The weighted average number of shares in issue and to be
issued if calculating the diluted loss per share would amount
to 7,200,975,826 (2022: 6,355,967,563).
The diluted loss per share and the basic loss per share
are recorded as the same amount, as conversion of share
options decreases the basic loss per share, thus being anti-dilutive.
6. Plant and equipment
Unaudited Audited
30 June 31
2023 December
2022
GBP'000 GBP'000
6.1 Cost
Balance at beginning of period 67 67
Exchange differences - -
---------- ----------
At end of period 67 67
---------- ----------
6.2 Depreciation
Balance at beginning of period 65 65
Charge for the period - -
At end of period 65 65
---------- ----------
Net book value at end of period 2 2
========== ==========
7. Investments
Unaudited Audited
30 31
June December
2023 2022
GBP'000 GBP'000
Investments under fair value through
profit and loss (note 7.1) 2,182 2,182
Debt instruments under fair value through
profit and loss (note 7.2) 78 78
2,260 2,260
========== ==========
7.1 Investments
On 13 September 2021 the Company, entered into a conditional
agreement with IDM Mankayan Pty Ltd ("IDM Mankayan"), a company
incorporated in Australia, to take the Mankayan Project in
the Philippines forward (the "IDM Mankayan Agreement"). The
IDM Mankayan Agreement completed on 20 October 2021 and the
Company paid A$90,000 (GBP49K)_to IDM Mankayan and owns 44
IDM Mankayan shares (the "IDM Mankayan Investment") of the
160 shares issued by IDM Mankayan but has no management control
over or right to appoint directors of IDM Mankayan which is
why the IDM Mankayan Investment is held as an equity investment
under IFRS 9. The Mankayan project's MPSA was originally issued
for a standard 25 year period, which expired on 11 November
2021, and as announced by the Company on 18 March 2022 has
been renewed for a second 25 year term with effect from 12
November 2021.
On 26 October 2022 the Company entered into a conditional share
purchase agreement with IDM International Ltd ("IDM International")

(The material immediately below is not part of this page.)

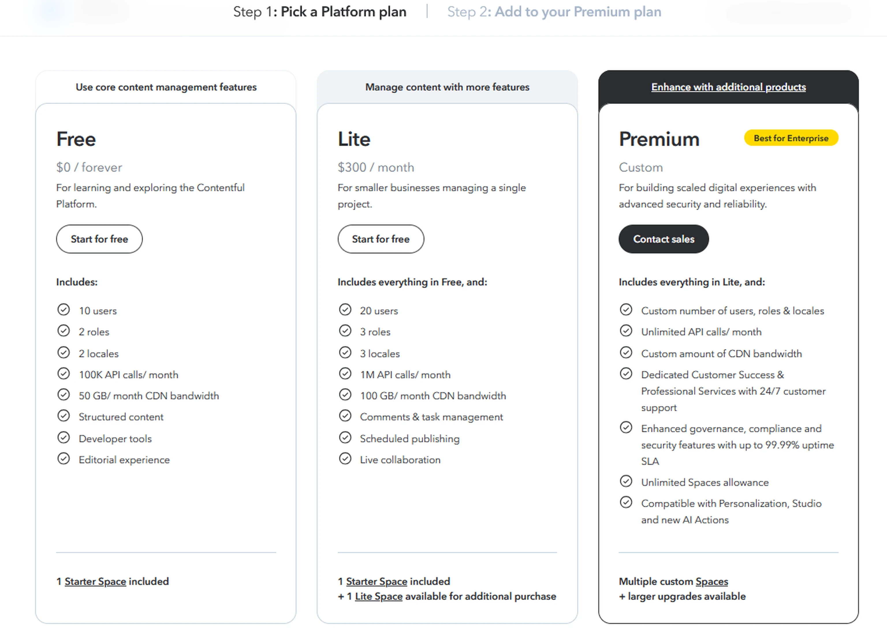 Contentful: Pricing structure

the parent company of IDM Mankayan to sell the IDM Mankayan
Investment for 19,381,054 fully paid ordinary shares of IDM
International (the "IDM International SPA"). The IDM International
SPA was conditional on approval of the IDM International SPA
by the shareholders of IDM International and completed during
the period on 27 March 2023.
7.2 On 26 October 2022 the Company entered into a convertible loan
note agreement with IDM International to invest A$137,500 (GBP
78K) in IDM International to acquire 137,500 notes (the "IDM
International Convertible Loan Note Investment"). The Company
has the right to convert the whole but not part of the face
value of each Note into IDM International Shares at A$0.20
at any time (and as many times) prior to the Maturity Date
which is 11 November 2026. As at 30 June 2023, the fair value
of the debt instrument was GBP78k and no unrealised gain/loss
was recognised.
Unaudited Audited
30 June 2023 31 December
2022
GBP'000 GBP'000
Investments under fair value
through profit and loss
Unquoted investments 1 January
2023 2,182 49
Increase in fair value during
year(1) - 2,133
------------- ------------
Unquoted investments at 30
June 2023 2,182 2,182
============= ============
(1) 19,381,054 shares valued at AUD$0.20 (GBP0.112) being
the share subscription price at which at which third parties
subscribed for shares in IDM International on 4 April 2023.
Investments are initially valued at cost. At each reporting
date these investments are measured at fair value with any
gains or losses recognised through the Consolidated Statement
of Profit and Loss. In 2023, the Group and Company had unrealised
gains of GBP2,133,000.
This along with other valuations are estimates based on the
Directors' assessment of the performance of the underlying
investment and reliable information such as recent fundraising.
There is however inherent uncertainty when valuing private
companies such as these in the natural resources sector.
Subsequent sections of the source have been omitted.